IN the interesting account of the old water-route to London, mention is made of the island of Harty. This island, like many other tracts of the same kind, retains its name, although it is no longer insulated, and contains an interesting church, which it is now proposed to repair. In effecting this, it will be necessary to appeal rather to the interest of archæologists than solely to the piety of the churchmen, as any pastor of Harty would find that the bulk of his flock consisted of sheep, of which there is a large congregation, feeding on the lowlying coarse grass lands of the neighbourhood. Although the building is full of historical interest and associations, and the country most picturesque, very few tourists visit the place, which was anciently of so much importance, Harty being the second largest of the group known as the Sheppy Isles. Sheppy, the largest of this group, was, in the thirteenth century, connected with Harty, at Tremseth, by a bridge, which was, in the reign of the first Edward, broken down by an inundation and never rebuilt. The age of the foundation of the Church is quite lost in the mist of ages, but a tradition that Offa, a king of Mercia, was buried there in 796 whether authentic or not, indicates its remote antiquity. The present building is of decorative character, and contains many interesting relics, the chief being a curious oaken chest, supposed to be of Flemish workmanship, on which is represented a tilting-match.

Notes and Queries.

(12.) YOKE AND HALF YOKE.-I extract the following from Bosworth's Anglo-Saxon dictionary. “A yoke, geoc-let. A little farm in some parts of Kent, called yokelet, as requiring a small yoke of oxen to till it.” He refers to Dictionarium Saxonico-Latino-Anglicum. Guliel Somneri, 1659. There seems to be some analogy between half-yoke and yoke-let.-W. COXHEATH.

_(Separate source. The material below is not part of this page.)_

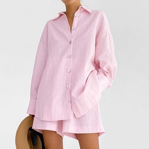 Woman Solid Shorts Set – Casual Fit Long-Sleeve Lapel Shirt & Shorts, Cotton Lined Cherie Code
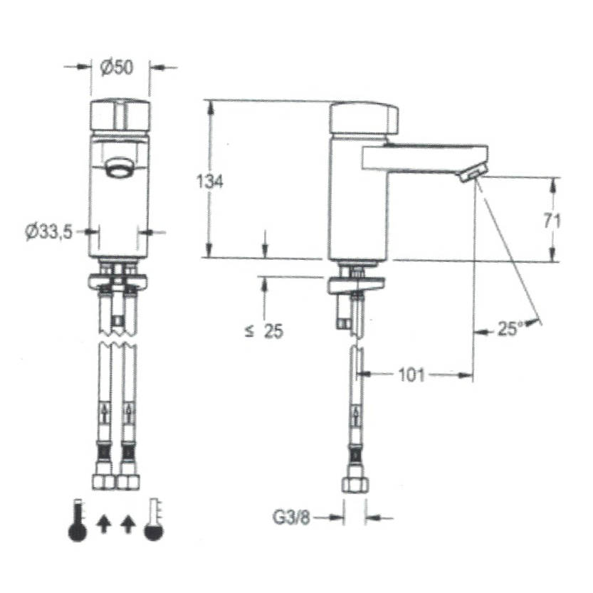- Hydraulische Waschtischarmatur für Hygienewaschbecken / Handwaschbecken in Gastronomieküchen und Gewerbebereichen

(13.) THE SIZE AND WEIGHT OF KENTISH BATTLEDORES.-From Dr. Harpsfield's (Archdeacon of Canterbury) treatise on the divorce of Henry VIII., just published from four collated manuscripts, we learn something of the original meaning of this word, and of the spirit of Kentish housewives in Tudor times. The archdeacon was an advocate for a celibate clergy, and illustrated his objections to the marriage of priests by telling his readers that "there was one in Kent, which all to beat her yoke-mate with a wash-beetle or battledore (a laundress's washing bat); upon whom he complained grievously to the judges at the sizes, and the more to exaggerate his injury, showed them openly the said battledore.” If the wives of Kent were in the habit of turning their husbands into shuttlecocks, it is a matter of congratulation that the pastime has somewhat fallen into desuetude.

Answers to Corresponents.

J.S.W.-Thanks.

It is not worth noticing. E.E., SIGMA.—Declined with thanks.

R.B.-You mistake. It was not intended to prove that Shakespeare was or was not familiar with Kent. It was only a preliminary examination of existing opinions.

ANSWER TO ACROSTIC No .2.-1. JesteR; 2. Umbo; 3. NewS; 4. EnemY. June-Rosy.

We have received so few answers, none of them being correct, that we presume our readers feel little interest in the acrostics, which will, therefore, be discontinued.